**ASSIGNED TASK:**
The response should contain all of the records, copied exactly, and none of the images.

━━━━━━━━━━

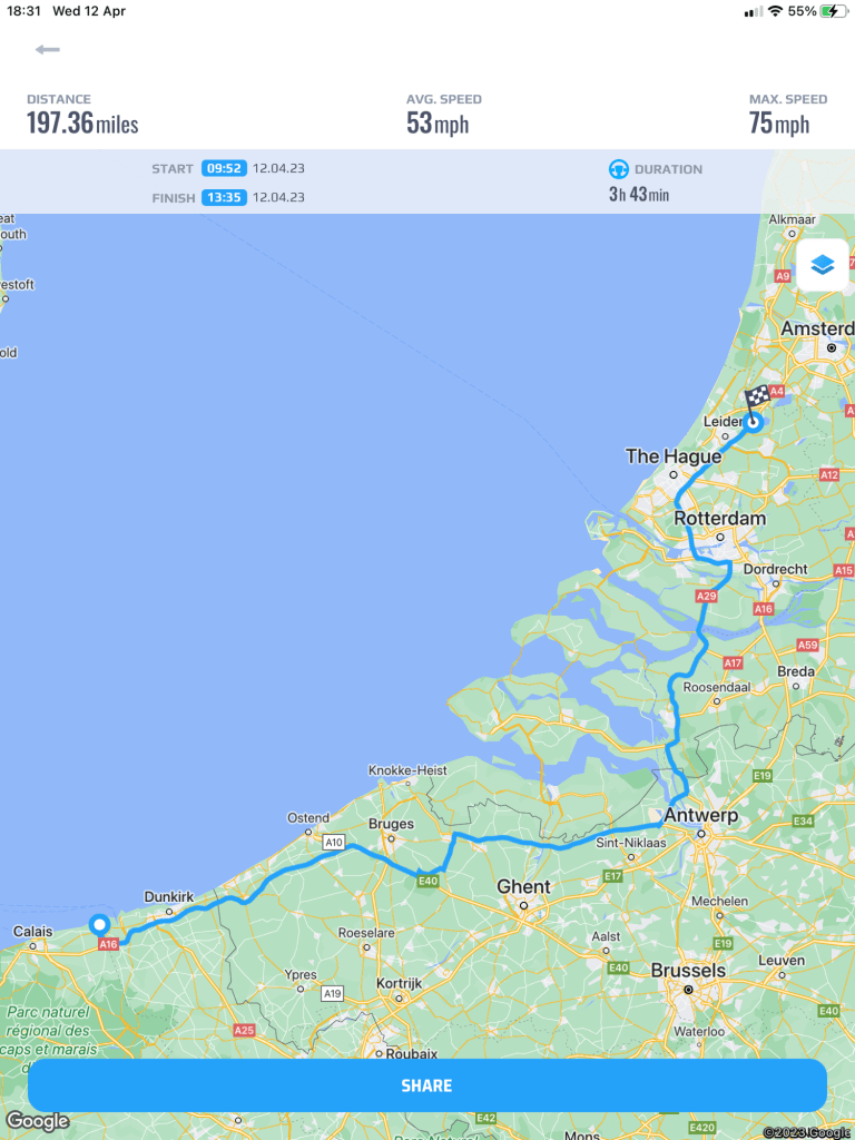 As you can see we drove a long way today, non stop!! we hadn’t intended to but it wasn’t until we were in the last 20 miles of our journey we passed a parking place or services, we struggled like this last year driving through Belgium where again the road surfaces were dire.
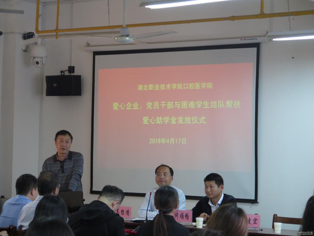 2019年4月17日下午,best365英国在线体育官网党员干部、爱心企业结对帮扶“爱心助学”助学金发放仪式在东区实验楼425会议室隆重举行。孝感市口腔医学会民营口腔专委会会长涂艮斌、学工部副部长何玉初、党委宣传部副部长何顺畅及best365英国在线体育官网党政领导、老师和受到资助的部分学生代表出席了本次活动,仪式由best365英国在线体育官网党总支副书记高想清主持。
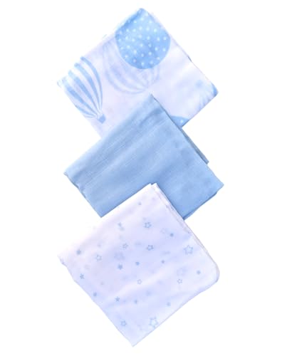 Mussole neonato neonati cotone nascita neonata mussola bamboo femmina ospedale regalo fasciatoio asciugamani regali corredino set bagnetto asciugamano teli traversine cambio telo quadrotti (Azzurro)
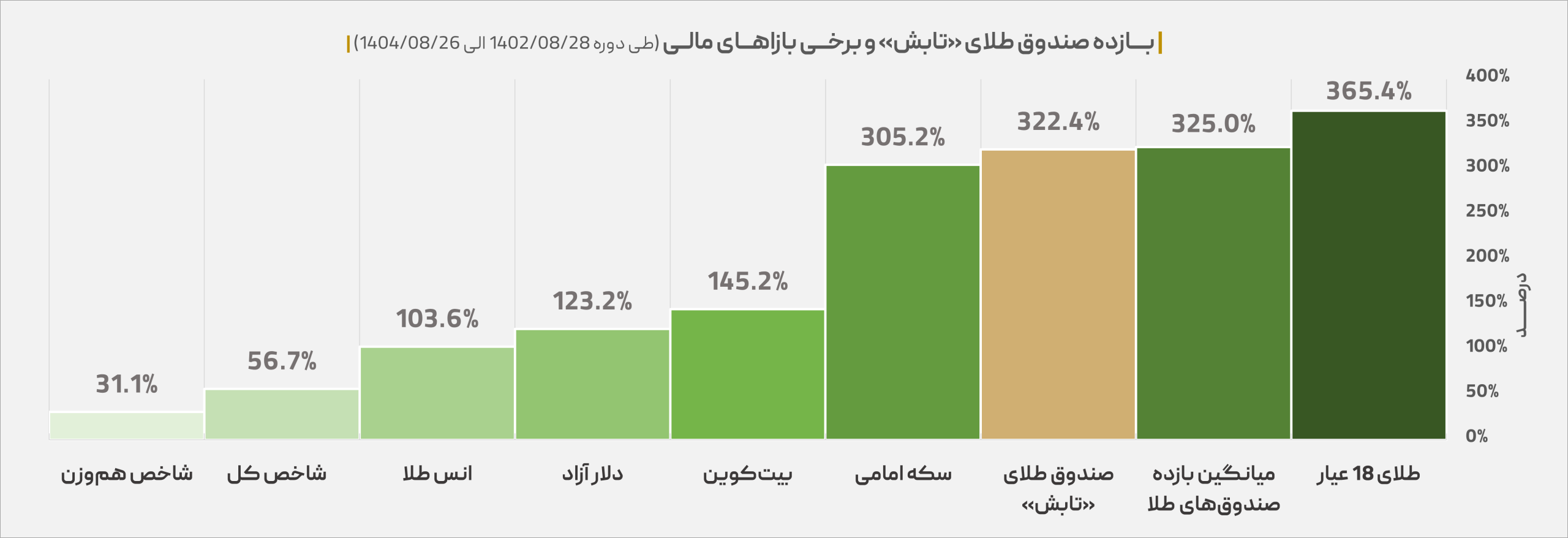 مقایسه این بازدهیها با سایر بازارها نشان میدهد ارزش واقعی عملکرد صندوقتابش روشنتر میشود. در این دوره، سکه امامی ۳۰۵.۲ درصد، بیتکوین ۱۴۵.۲ درصد و دلار بازار آزاد ۱۲۳.۲ درصد رشد داشتهاند، در حالیکه شاخص کل بورس تنها ۵۶.۷ درصد و شاخص هموزن ۳۱.۱ درصد بازدهی داشته است. این دادهها نشان میدهد بازدهی صندوقطلایتابش نهتنها پوشش کاملی در برابر تورم ایجاد کرده، بلکه با اختلاف قابل توجهی از بازارهای ارز و بورس پیشی گرفته و بازدهی تقریباً سه برابری نسبت به انس جهانی طلا (۱۰۳.۶ درصد) کسب کرده است.
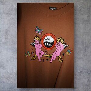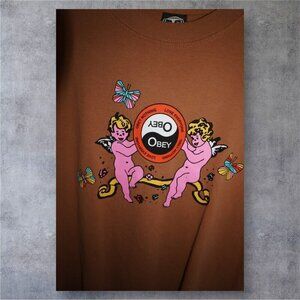 ✨ Vintage-Inspired OBEY Tee ✨Obsessed with this cherub + butterfly graphic on the perfect cocoa brown base 🧸💕Size M — Made in Mexico
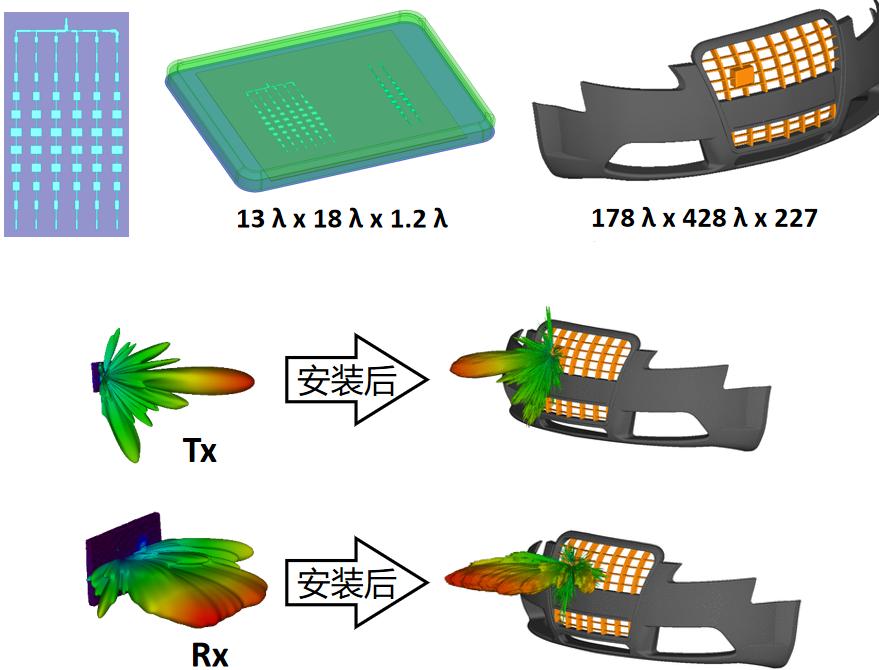· 汽車?yán)走_(dá)天線布局 以汽車毫米波雷達(dá)為研究對(duì)象,使用軟件ANSYS HFSS,分析了汽車?yán)走_(dá)布局前后輻射方向圖及性能參數(shù)。
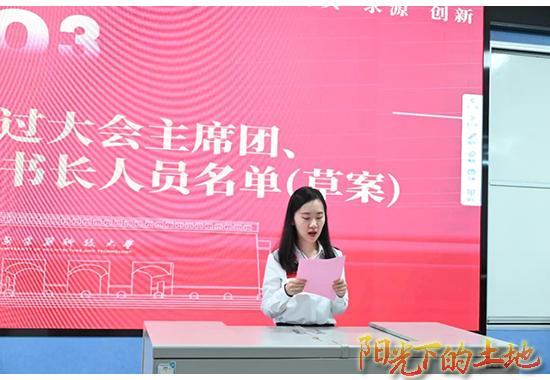 大会第七项,杨欣代表大会宣读学院分团委委员候选人预备人选和校团代会候选人预备人选名单。
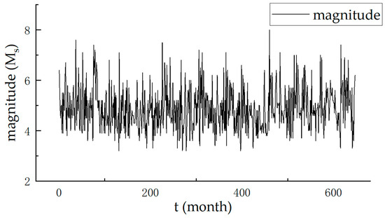 From January 1970 to December 2023, there were 280 months in which the maximum monthly earthquake magnitude in the North–South Seismic Belt exceeded Ms 5.0 out of a total of 648 months. This means that, on average, an earthquake with magnitude Ms 5.0 or higher occurs in this region approximately every three months. Earthquakes of this magnitude can be relatively damaging, potentially causing severe damage to buildings, infrastructure disruption, and even casualties. Due to the immense energy released, such earthquakes can have a significant impact on the socio-economic conditions and daily lives of people in the epicenter and surrounding areas. Therefore, earthquake prediction for this region is of considerable importance. The distribution of the maximum monthly magnitudes in the North–South Seismic Belt is shown in Figure 1.
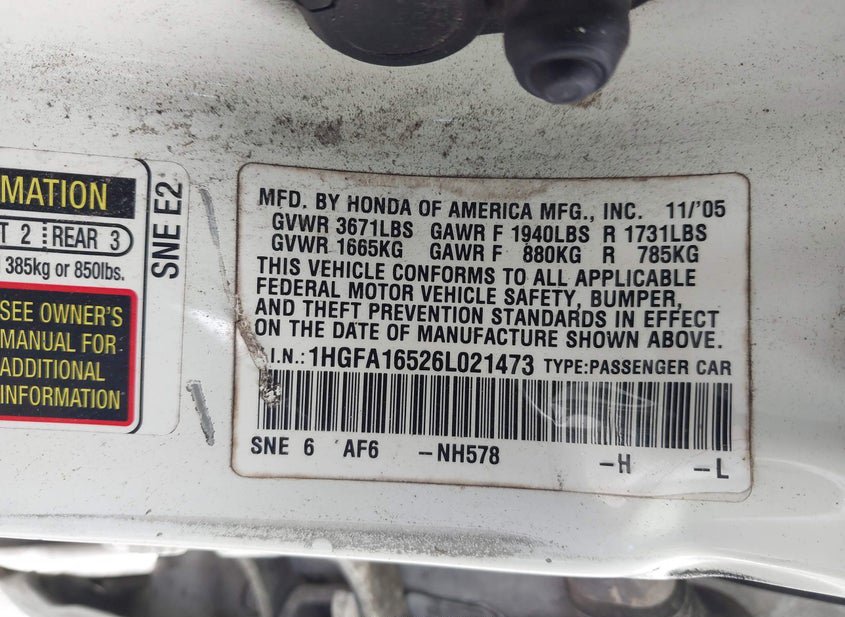 - VIN: 1HGFA16526L021473
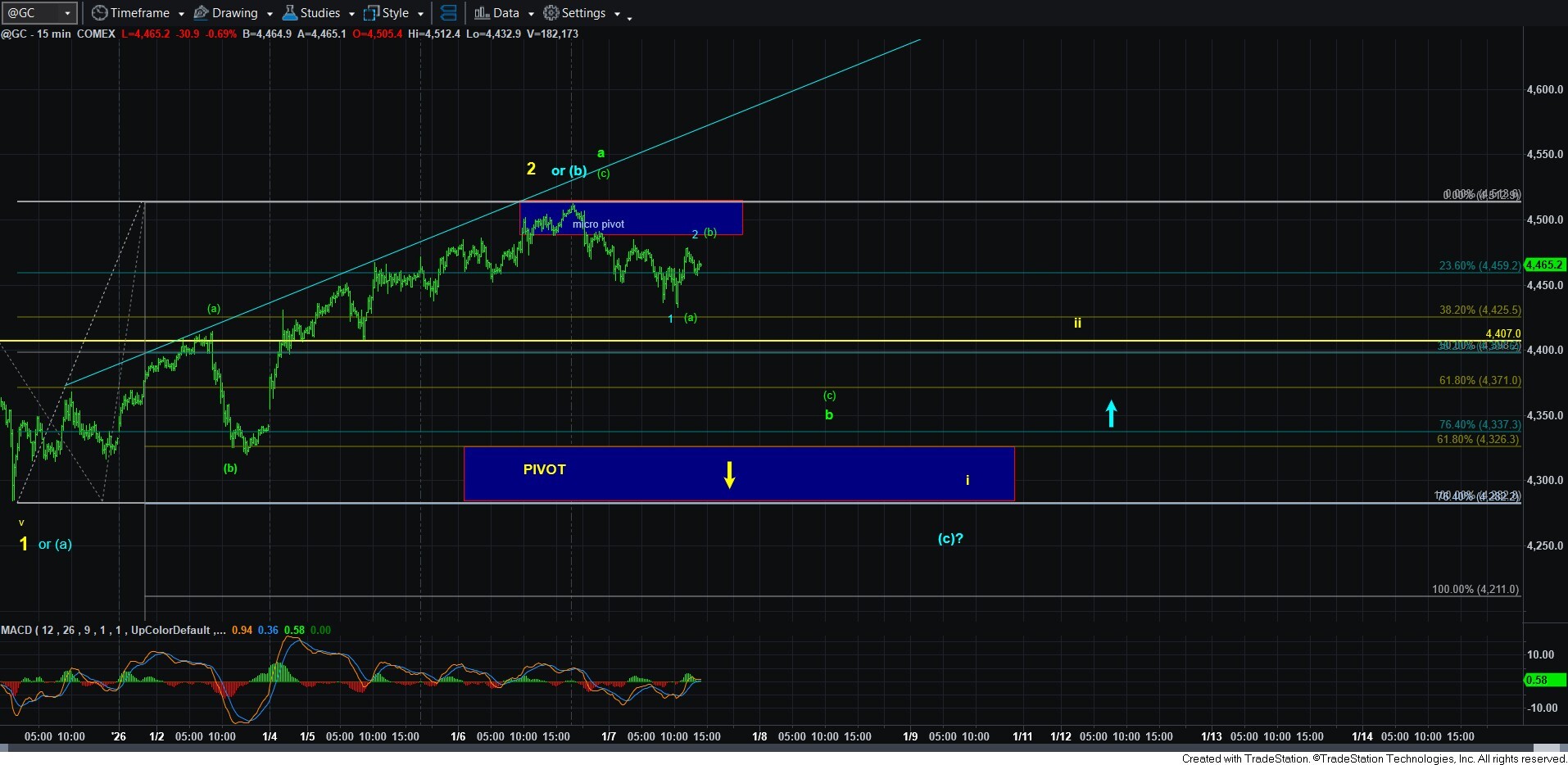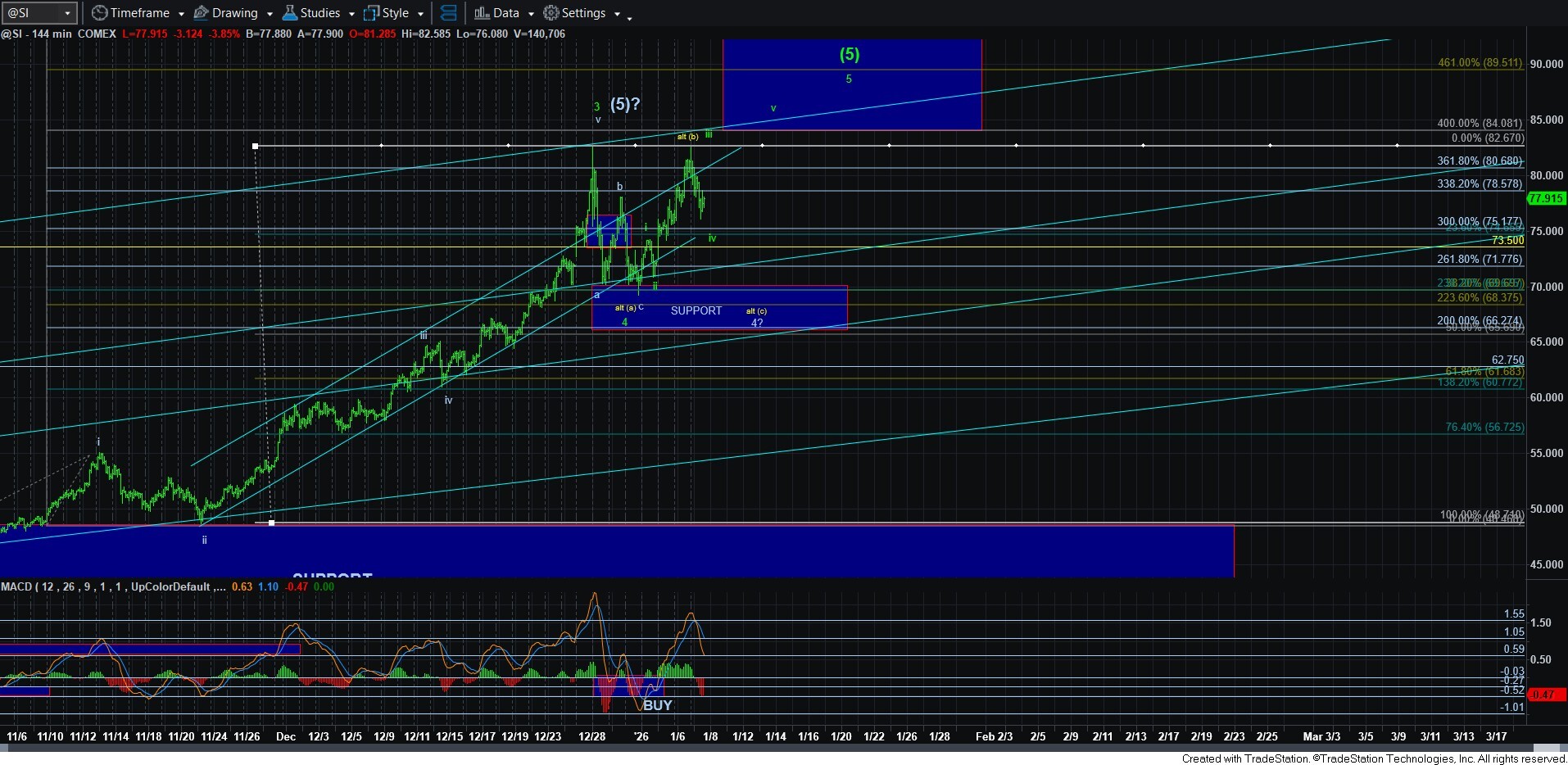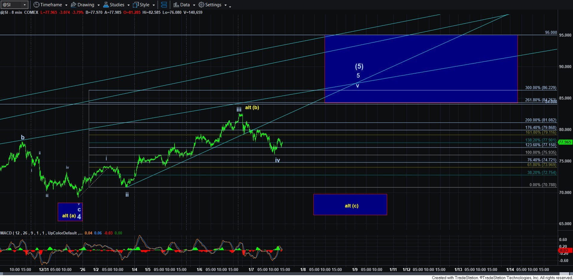 So, as with silver, I do not have any strong signals that suggest this b-wave has completed.

━━━━━━━━━━

**YOUR SOLUTION:**
 As you can see we drove a long way today, non stop!! we hadn’t intended to but it wasn’t until we were in the last 20 miles of our journey we passed a parking place or services, we struggled like this last year driving through Belgium where again the road surfaces were dire.
 2019年4月17日下午,best365英国在线体育官网党员干部、爱心企业结对帮扶“爱心助学”助学金发放仪式在东区实验楼425会议室隆重举行。孝感市口腔医学会民营口腔专委会会长涂艮斌、学工部副部长何玉初、党委宣传部副部长何顺畅及best365英国在线体育官网党政领导、老师和受到资助的部分学生代表出席了本次活动,仪式由best365英国在线体育官网党总支副书记高想清主持。
 Mussole neonato neonati cotone nascita neonata mussola bamboo femmina ospedale regalo fasciatoio asciugamani regali corredino set bagnetto asciugamano teli traversine cambio telo quadrotti (Azzurro)
 مقایسه این بازدهیها با سایر بازارها نشان میدهد ارزش واقعی عملکرد صندوقتابش روشنتر میشود. در این دوره، سکه امامی ۳۰۵.۲ درصد، بیتکوین ۱۴۵.۲ درصد و دلار بازار آزاد ۱۲۳.۲ درصد رشد داشتهاند، در حالیکه شاخص کل بورس تنها ۵۶.۷ درصد و شاخص هموزن ۳۱.۱ درصد بازدهی داشته است. این دادهها نشان میدهد بازدهی صندوقطلایتابش نهتنها پوشش کاملی در برابر تورم ایجاد کرده، بلکه با اختلاف قابل توجهی از بازارهای ارز و بورس پیشی گرفته و بازدهی تقریباً سه برابری نسبت به انس جهانی طلا (۱۰۳.۶ درصد) کسب کرده است.
 ✨ Vintage-Inspired OBEY Tee ✨Obsessed with this cherub + butterfly graphic on the perfect cocoa brown base 🧸💕Size M — Made in Mexico
· 汽車?yán)走_(dá)天線布局 以汽車毫米波雷達(dá)為研究對(duì)象,使用軟件ANSYS HFSS,分析了汽車?yán)走_(dá)布局前后輻射方向圖及性能參數(shù)。
 大会第七项,杨欣代表大会宣读学院分团委委员候选人预备人选和校团代会候选人预备人选名单。
 From January 1970 to December 2023, there were 280 months in which the maximum monthly earthquake magnitude in the North–South Seismic Belt exceeded Ms 5.0 out of a total of 648 months. This means that, on average, an earthquake with magnitude Ms 5.0 or higher occurs in this region approximately every three months. Earthquakes of this magnitude can be relatively damaging, potentially causing severe damage to buildings, infrastructure disruption, and even casualties. Due to the immense energy released, such earthquakes can have a significant impact on the socio-economic conditions and daily lives of people in the epicenter and surrounding areas. Therefore, earthquake prediction for this region is of considerable importance. The distribution of the maximum monthly magnitudes in the North–South Seismic Belt is shown in Figure 1.
 - VIN: 1HGFA16526L021473
 So, as with silver, I do not have any strong signals that suggest this b-wave has completed.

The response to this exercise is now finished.